Cells were lysed as previously described [23, 24]. Proteins were quantified with the Bradford assay. Proteins were separated onto a pre-cast 4–20% polyacrylamide gel (Mini-PROTEAN® TGX gel, Biorad) and transferred to PVDF membranes (Trans-Blot® TurboTM PVDF Transfer packs, Biorad). Membranes were blocked with 3% BSA diluted in Tris-buffered saline (TBS, 20 mM Tris–HCl, PH 7.5, 150 mM NaCl) with 0.1% Tween 20. Primary antibodies against β-actin (ab8227, Abcam), nucleotide-binding oligomerization domain leucine rich repeat and pyrin domain containing protein 3 (NLRP3) (ab214185, Abcam), apoptosis-associated speck-like protein containing a caspase recruitment domain (ASC) (D2W8U, Cell Signaling), caspase-1 (ab1872, Abcam), caspase-4 (#4450, Cell Signaling), caspase-5 (#46680, Cell Signaling), and caspase-8 (ab227430, Abcam) were used. Secondary antibodies were obtained from Abcam (anti-mouse ab97040 and anti-rabbit ab6721). Protein bands were detected with ECL reagents (Clarity Western ECL Blotting Substrate, Biorad). Densitometry was performed by the IBright Analysis software.

Assessment of IL-1β Release in THP-1 Cells

The release of IL-1β was measured by ELISA kit (R&D system), as previously described [25]. After cell stimulation, the medium was collected and centrifuged for 5 min at 800 rpm to obtain cell-free supernatants.
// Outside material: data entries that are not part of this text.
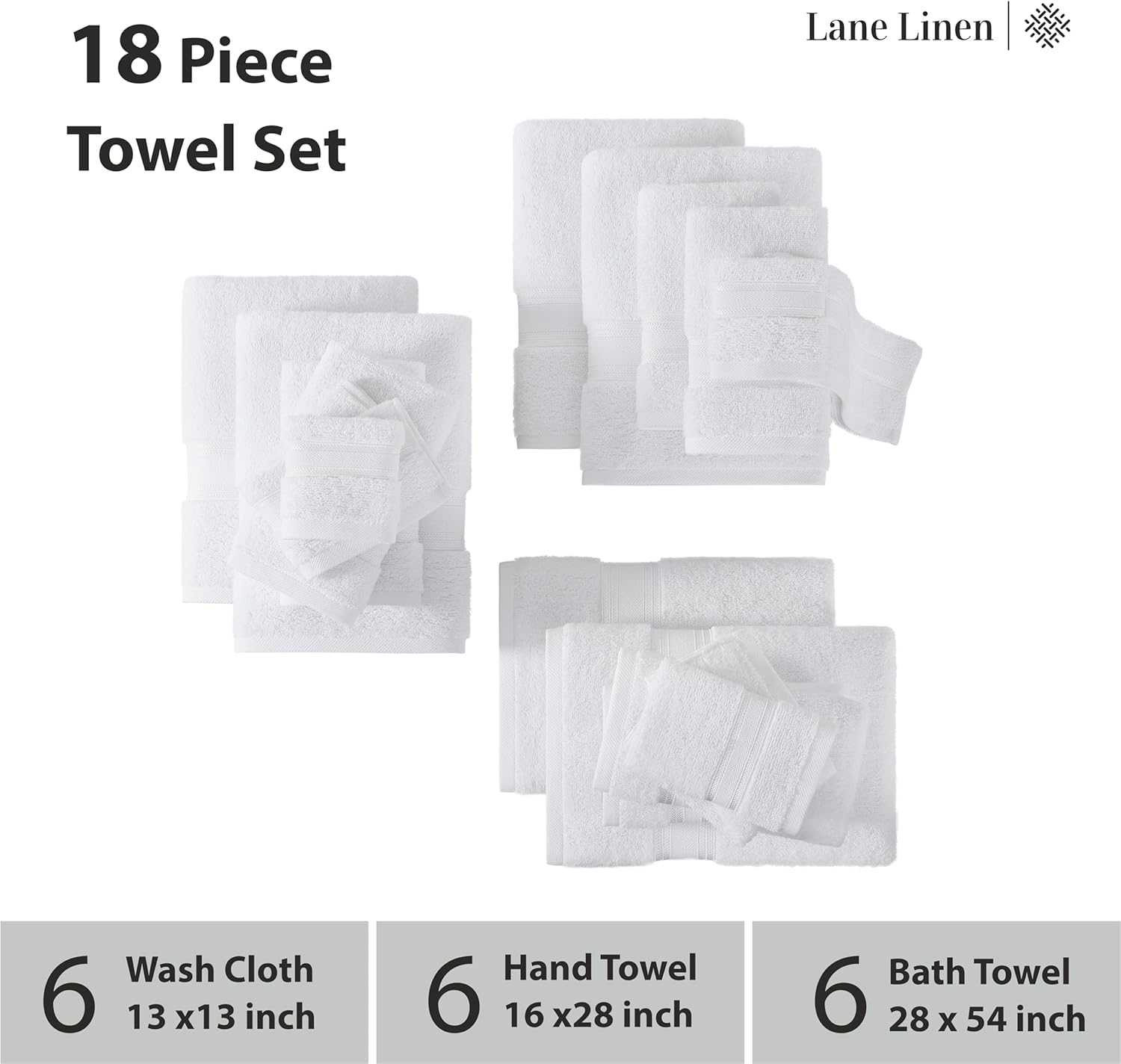 LANE LINEN 100% Mercerized Cotton Luxury Bathroom Towel Set - 18 Pcs - Super Soft, Fluffy & Highly Absorbent - 6 Bath Towels, 6 Washcloths, 6 Hand Towels - Complete Family Pack - White Bath Towel Set
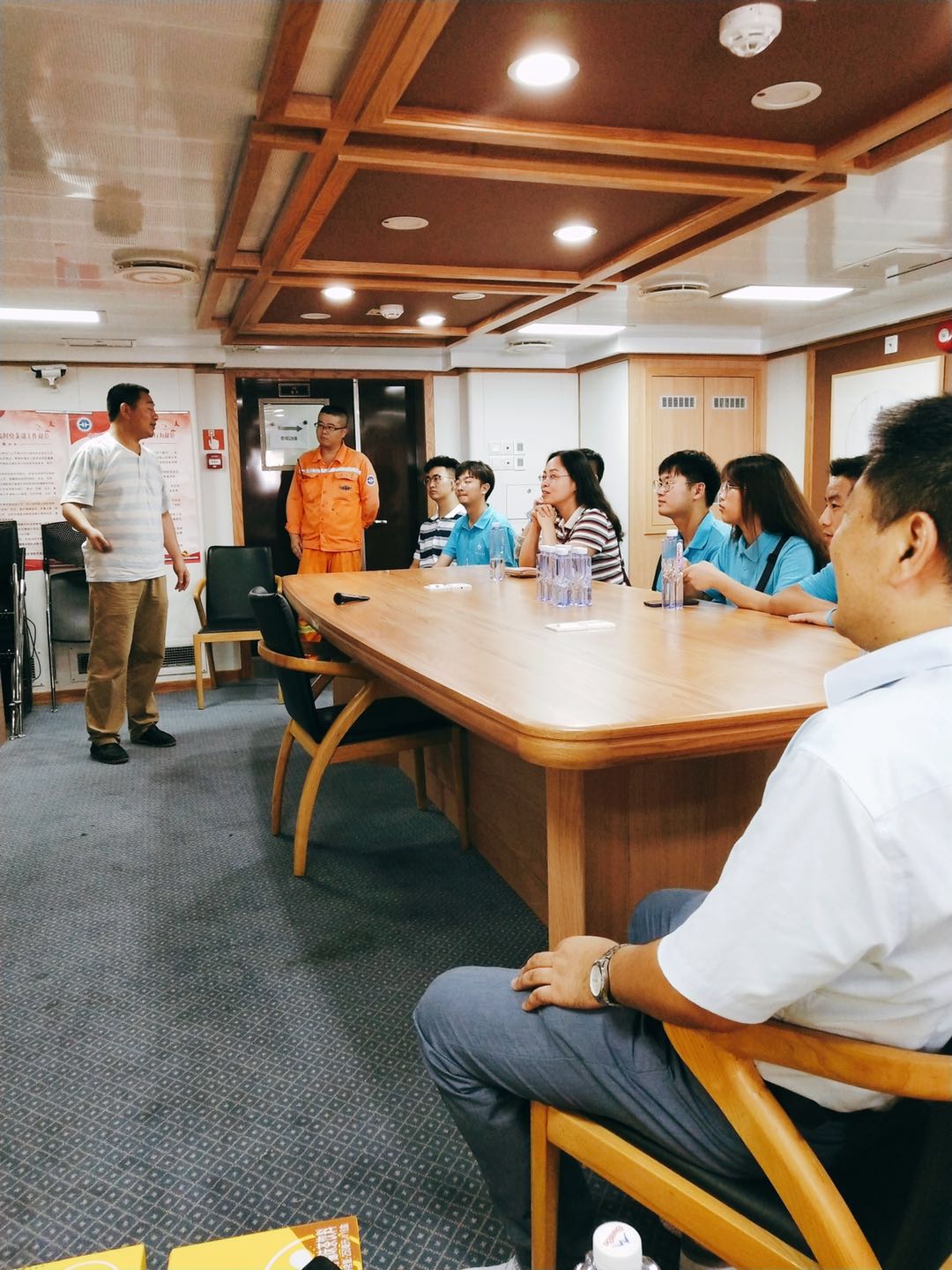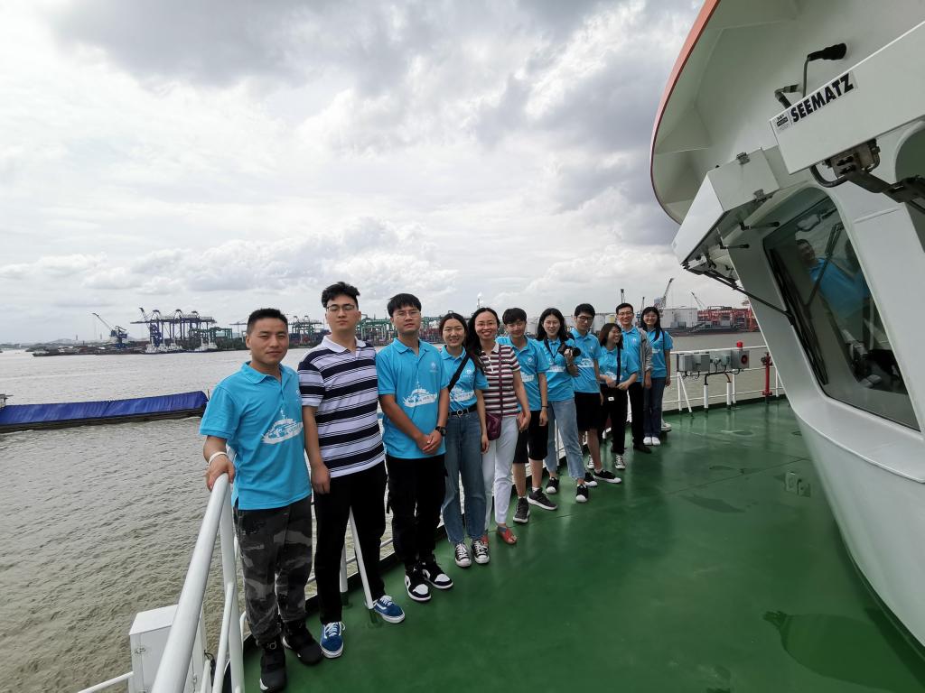 在殷机长和胡船长的带领下,队员们第一次登上科考船,第一次见船载钻探系统,第一次进入科考船的轮机室,第一次在船上餐厅吃饭……实践团队员们体验了海洋人真实的一天生活。在与殷机长的座谈中,队员们了解到,1984年我国拥有的第一艘地质调查船——探宝号,是一艘在美国已经服役15年淘汰的科考船,载重1200吨,可是在当时,探宝号已经是国内最先进的科考船。30多年来,我国海洋事业不断发展,我国如今已经自主研发设计了可集海洋地质,地球物理,物理海洋,海洋生物,海底钻探,水文调查等多手段综合调查,先进的深海浅层钻探系统以及可视化取样等设备,形成底层水体,海底表面,以及海底浅层的立体综合探测体系。从进口发达国家废弃旧船,到自主研发的海洋十号,再到即将建成的为建党100周年献礼的近4万吨水合物开采船,队员们看到了几代海洋人为我国海洋事业做出的巨大贡献,看到了改革开放以来我国的海洋建设事业迅速的发展和进步。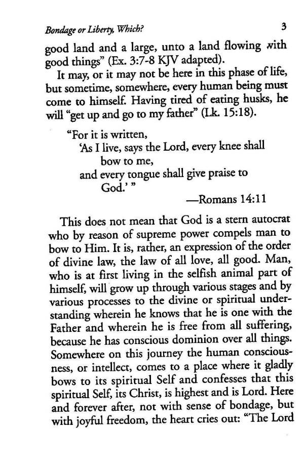 Bondage or Liberty, Which? - Statement of Being - Thinking - Denials - Affirmations - Faith - Definition of Terms: Chemicalization, Personality, and Individuality - Spiritual Understanding - The Secret Place of the Most High - Spiritual Gifts - Unity of the Spirit - Glossary of Truth Terms - Index - Contents -

Aliquots of 100 μL were used for the test. IL-1β concentration was expressed as percentage versus THP-1 control cells (Ctrl).

Drugs and Reagents

ATP, DEX, DMSO, DNBS, FBS, LPS, PBS, and PMA were purchased from Sigma Aldrich (St. Louis, MO, USA). The synthesis of NC-2600 and NP-1815-PX were performed by Nippon Chemiphar Co., Ltd. For cell culture experiments, we dissolved the compound NC-2600 in sterile DMSO and subsequently diluted it in culture medium. For the experiments on animals, solid dispersion form of NC-2600 was used, as NC-2600 is hardly dissolved.

Statistical Analysis

Data are presented as mean ± SEM and analyzed by the GraphPad Prism 7.0 (GraphPad Software Inc., San Diego, CA, USA). Statistical significances were determined by one-way ANOVA followed by Tukey’s post hoc test. A P value < 0.05 was considered statistically significant.